Overview
The Lake Rover Project is a research and prototyping effort. The effort endeavors to take advantage of the current sweet spot in multiple technologies.
Intended Results
- A low cost, autonomous rover able to
- accurately maneuver about the surface of a lake
- record images of aquatic plants and lake bottom
- record GPS coordinates, water depth, water temperature
- Machine learning (AI) software to classify recorded images into
- invasive plant found
- suspicious looking plant found
- no concern
- Interactive Geographic Information System (GIS) maps providing
- markers on the maps where invasive plants were found
- each marker providing
- image at that location
- classification, GPS coordinates, date found, depth
- A website
- to publish the interactive GIS maps
Technologies To Leverage
Internet of Things
The Internet of Things (IoT) refers to the network of physical objects embedded with sensors, software, and other technologies that connect and exchange data with other devices and systems over the internet. The win for the Lake Rover Project is how the popularity of IOT has lead to a large assortment of low cost sensors.

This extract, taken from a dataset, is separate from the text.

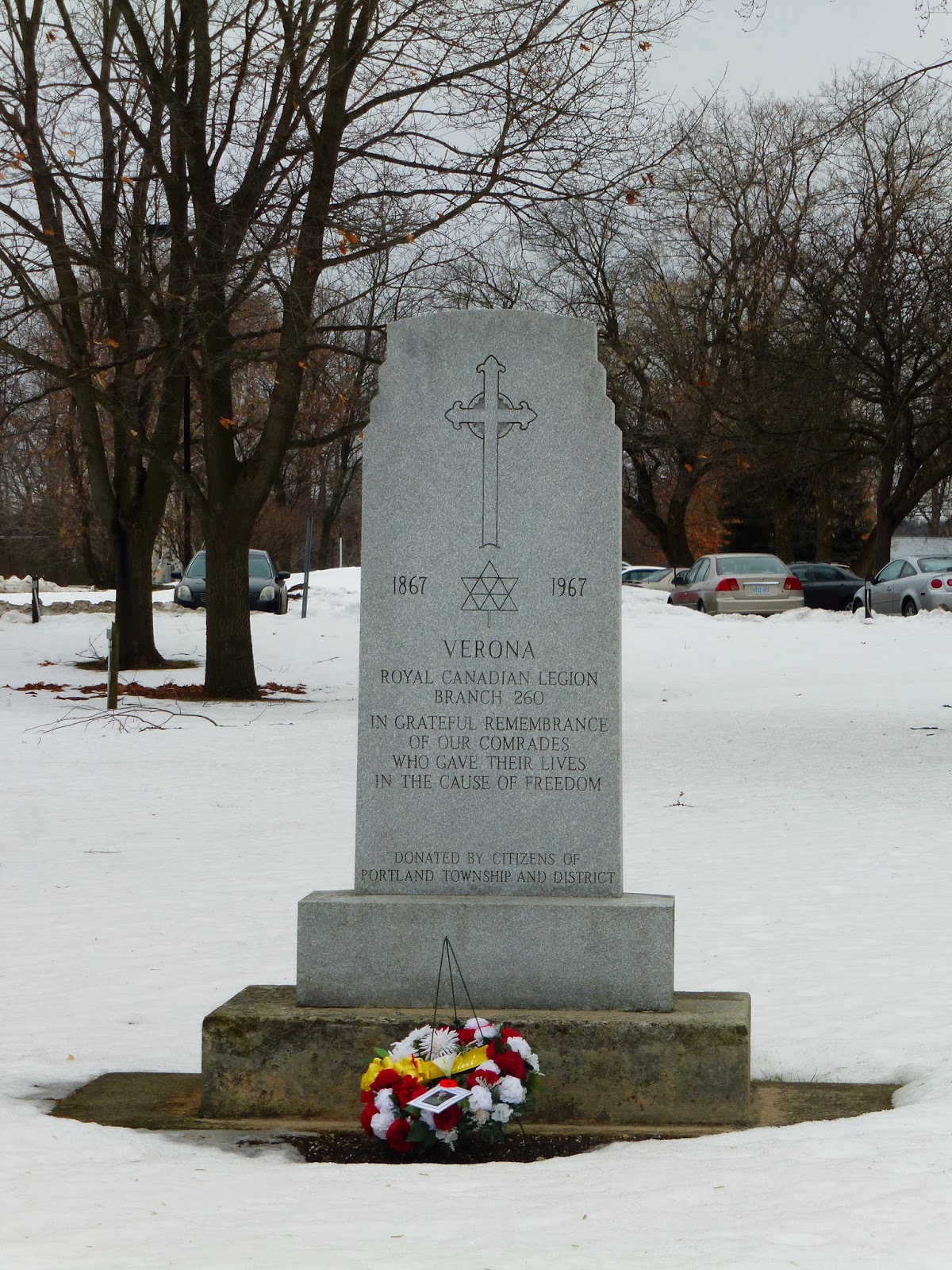 Le Cénotaphe de Verona a été érigé dans le cadre des activités du centenaire de 1967. Il est commandité par la filiale 260 de la Légion royale canadienne. Il a été donné par les citoyens du canton et district de Portland en souvenir reconnaissant de nos camarades qui ont donné leur vie pour la liberté.

Sensors play a crucial role in the Internet of Things (IoT) by enabling devices to collect real-time data from their surroundings. These sensors detect various physical parameters such as temperature, humidity, motion, light, pressure, GPS location, water depth, etc. The sensors convert the physical parameters into digital signals that can be processed and analyzed.
The immense popularity of IOT has produced a large assortment of low cost Single Board Computers (SBCs). Many SBCs are designed to easily connect and have readily available software to work with the sensors described above.
The SBC and sensors for the current rover are less than $500.
Drones
The explosion of drone technologies has revolutionized multiple industries by providing innovative solutions for aerial surveillance, delivery services, agriculture, and photography. Advances in sensor technology, artificial intelligence, and battery efficiency have made drones more accessible and capable than ever before. This rapid development has enabled precise data collection, real-time monitoring, and automated operations, enhancing productivity and safety. As regulations evolve to accommodate these advancements, the integration of drones into everyday applications continues to expand, promising transformative impacts on logistics, environmental monitoring, disaster response, and beyond.
AI Deep Learning Image Classifiers
Deep learning image classifiers are advanced computational models designed to automatically identify and categorize objects within images. The classifiers leverage multi-layered neural networks to analyze visual data, enabling them to learn intricate patterns and features directly from raw pixels. Unlike traditional image recognition methods that require manual feature extraction, deep learning models can autonomously discover salient features, making them highly effective.
The surge in popularity of deep learning image classifiers can be attributed to several factors. Advances in computational power, particularly with the use of GPUs, have made it feasible to train large neural networks on large datasets efficiently. Additionally, the availability of extensive labeled image collections has facilitated the development of robust models capable of generalizing well to new data. These classifiers have demonstrated exceptional performance in diverse applications, from medical imaging to autonomous vehicles, contributing to their widespread adoption across industries.